LINK aims to transform global supply chains, with the use of technologies such as automation, IoT, AI, and Robotics. The solutions developed by the start-ups will be tested in real-life situations, often in large organisations with complex operations. On the other hand, the start-ups will have access to the internal systems of these large organisations to understand the data and their organisational needs.
Ecosystm Principal Advisor, Kaushik Ghatak says, “COVID-19 has brought the need for supply chain agility and resilience to a completely new level of criticality. Companies in the ‘New Normal’ will need higher levels of nimbleness and flexibility to be able to recover from this crisis quickly and sustain in an increasing disruptive world. Increased ability to sense and respond to disruptions will be key to success. It will require better visibility of their entire supply chain, increasing efficiencies, building necessary redundancies (in form of inventory and capacity) where they are required the most – redundancy comes at a cost – and being flexible and innovative to cater to the rapid market and supply-side changes. Rapid digitalisation to build such capabilities will be a key to success.”
“Managing such rapid changes is usually a struggle for organisations with large and complex supply chains, because of the years of past practices, systems and culture. For them Innovation is a must, but the path to innovation is difficult. The LINK collaboration model is the right step towards addressing that challenge. Collaborating with start-ups can infuse new ideas, more innovative ways of solving a problem and rapid testing of use cases in the areas of IoT, AI and automation.”

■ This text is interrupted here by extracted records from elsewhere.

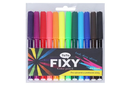 Barevné fixy 12 ks • Standardní vláknový hrot • Ideální podklad pro kreslení - papír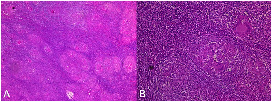 Figure 3. Anatomopathological study showing (HEx4) lymph node parenchyma altered by a specific inflammatory reaction with multiple tuberculous granulomas (A) and (HEx20) an epithelioid granuloma with focal central caseous necrosis and Langhans-type giant cells (B).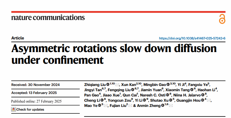 武科大網訊 近日,我校核磁共振與分子科學交叉研究院/化學與化工學院教授劉志強、鄭安民團隊與中科院大連化物所、福州大學合作,在《Nature Communications》發表了題為“Asymmetric rotations slow down diffusion under confinement”的論文(DOI:10.1038/s41467-025-57242-6)。該研究發現了分子篩限域空間存在弱相互作用的小分子運動慢的反常擴散現象,闡明了限域空間非對稱旋轉抑制擴散的微觀機制,為多孔材料分離領域提供了重要的理論指導。論文通訊作者為劉志強,侯廣進、葉茂、劉福建和鄭安民教授,我校為論文第一單位。

Involving Start-ups for Innovation
This initiative is a great example of how larger enterprises are looking to leverage innovations by the start-up community. The Financial Services industry has been an early beneficiary, when it stopped competing with Fintech organisations, partnering with them instead. Other industries have started to recognise the benefits of fast pivots and the role start-ups can play.

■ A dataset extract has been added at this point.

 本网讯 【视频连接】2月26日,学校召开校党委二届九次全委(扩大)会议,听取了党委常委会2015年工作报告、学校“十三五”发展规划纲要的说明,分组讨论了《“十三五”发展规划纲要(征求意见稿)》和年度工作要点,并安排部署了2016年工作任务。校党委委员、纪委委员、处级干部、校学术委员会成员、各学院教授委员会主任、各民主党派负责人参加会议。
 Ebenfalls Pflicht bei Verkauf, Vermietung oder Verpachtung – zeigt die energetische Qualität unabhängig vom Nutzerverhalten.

Ecosystm Principal Advisor, Ravi Bhogaraju says, “Bringing together companies that have complementary and unique capabilities to solve industry issues is a great way to speed up experimentation and innovation.”
However, he recognises that forming alliances such as this, comes with its own set of challenges. “One of the key things to recognise in such a construct is that the team members from different possessions bring with them their unique belief systems, organisational and country cultural constructs. Expectations on how things should work, can become quite tricky to navigate. The talent and expertise in such an environment need to be facilitated be able to deliver high quality outcomes.”

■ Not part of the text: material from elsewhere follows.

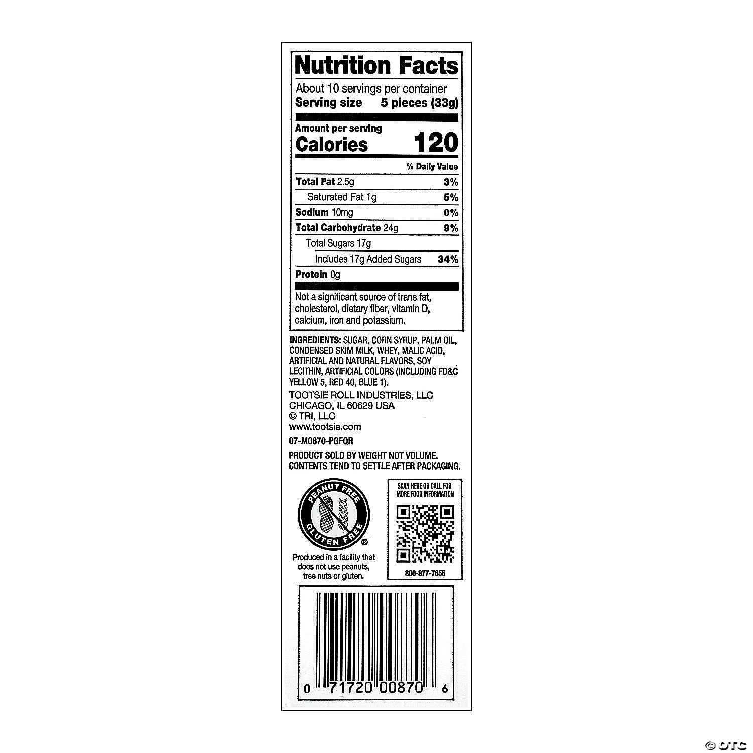 Enjoy a sweet spin on a classic treat with these Tootsie Roll® Fruit Rolls®! In delicious assorted fruit flavors, this chewy candy is fun for party favor bags, rewards, event giveaways and more. From Halloween and Christmas to an everyday treat, this name brand candy will satisfy any sweet tooth! • Assorted fruit flavors. • Individually wrapped. • (Approx. 4 dozen per unit) • Total wt., 11 oz.• Gluten free.• Kosher. • Nut free.• Candy is non-returnable. For more information, visit our “Return Policy” page located on our website.• Made in the USA. Important Country of Origin Information: For certain items sold by OTC on our Web or Mobile sites, country of origin information can change and what is displayed may not be accurate or consistent with manufacturer information. For up to date country of origin information, it is recommended that you rely on product packaging or other manufacturer information.• Ingredient, nutrition, allergen and other product information are provided on our Web and Mobile sites for reference purpose only, without warranty or representation as to accuracy. Manufacturers adjust their labeling regularly and are solely responsible for the accuracy of the information. For general questions concerning these items, please contact our customer service at 800-228-0475.

Talking about how these constructs can work successfully, delivering what started out to deliver, Bhogaraju says, “An agile team setup can help tremendously as it uses two key principles – People and Interactions over processes; as well as Working models over documentation.”
“A clear expectation setting through contracting at the beginning of the project cycle can help establish the ways of working and rules of engagement. Increased regular feedback and problem solving should continuously fine tune the ways of working. This way teams can get through the norming process at pace and scale and eventually focus on outcomes, rather than fumble over each other and/or have ego flareups.”
“The key is to get to creative problem-solving working cohesively – the intent being to challenge the status quo – stepping outside the box and using all capabilities within the team. Blending the subcultures together using agile way of working and principles, can be a fantastic way to make that happen – failing which you have the challenge of trying to somehow bring together different work products, people and preferences.”